How do you find #int -arctan(cotx) dx #?

1 Answer
Jan 21, 2016

#int(-tan^{-1}(cot)x))dx=x^2/2-\pi/2x+c#

Explanation:

Given we have to find the integral of the tan inverse of cotangent of x, i.e #int(-tan^{-1}(cot(x))dx#

Firstly, we need to simplify the equation.
Remember from inverse trig classes that #tan^{-1}(\theta)+cot^{-1}(\theta)=\pi/2#
So, that means, #tan^{-1}(\theta)=\pi/2-cot^{-1}(\theta)#
So, now we see that we have made our problem a lot easier.
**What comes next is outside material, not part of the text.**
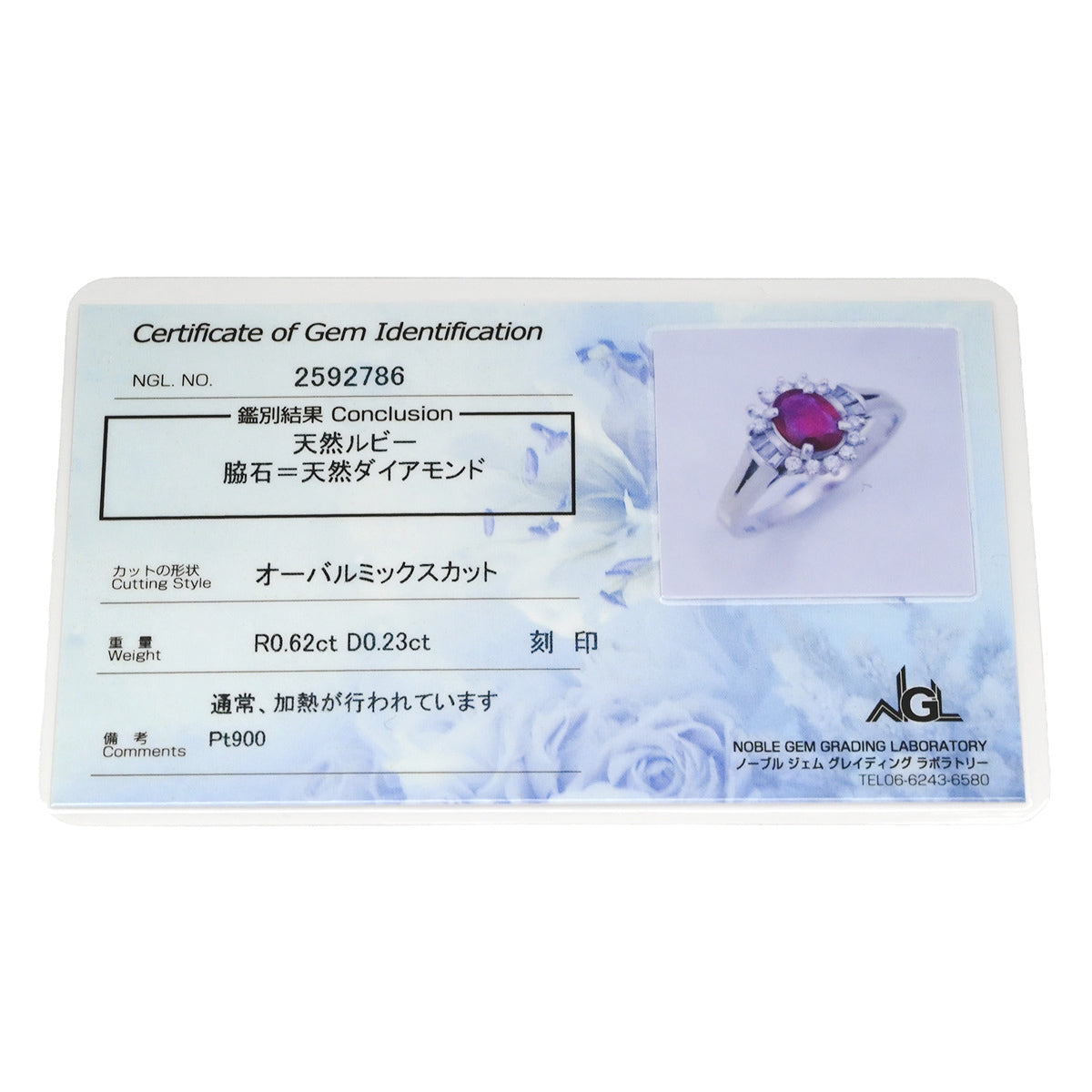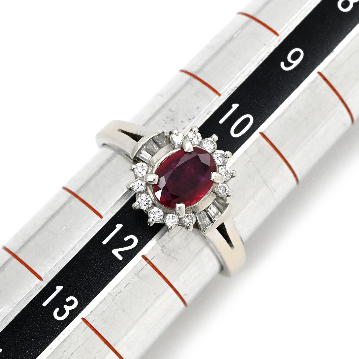 ノンブランド NON BRAND ルビー 062ct ダイヤリング プラチナシルバー リング 指輪 レッド 赤 1石 オーバルミックスカット ダイヤモンド 指輪 11号

So, in the above main equation, if we consider #\theta# as #cot(x)# we got our seemingly very hard problem, become a very easy one.

So, #int(-tan^{-1}(cot(x)))dx=\int(cot^{-1}(cot(x))-pi/2)dx#
(I assume you noticed that I also involved the minus sign that the original question had).
Now, we see that the entire thing becomes easier as the inverse of a function applied to a function is the value itself,
i.e #cot^{-1}(cot(x))=x#
So, out problem turns out to be #int(x-\pi/2)dx#
The answer to this, as you can see, is provided above.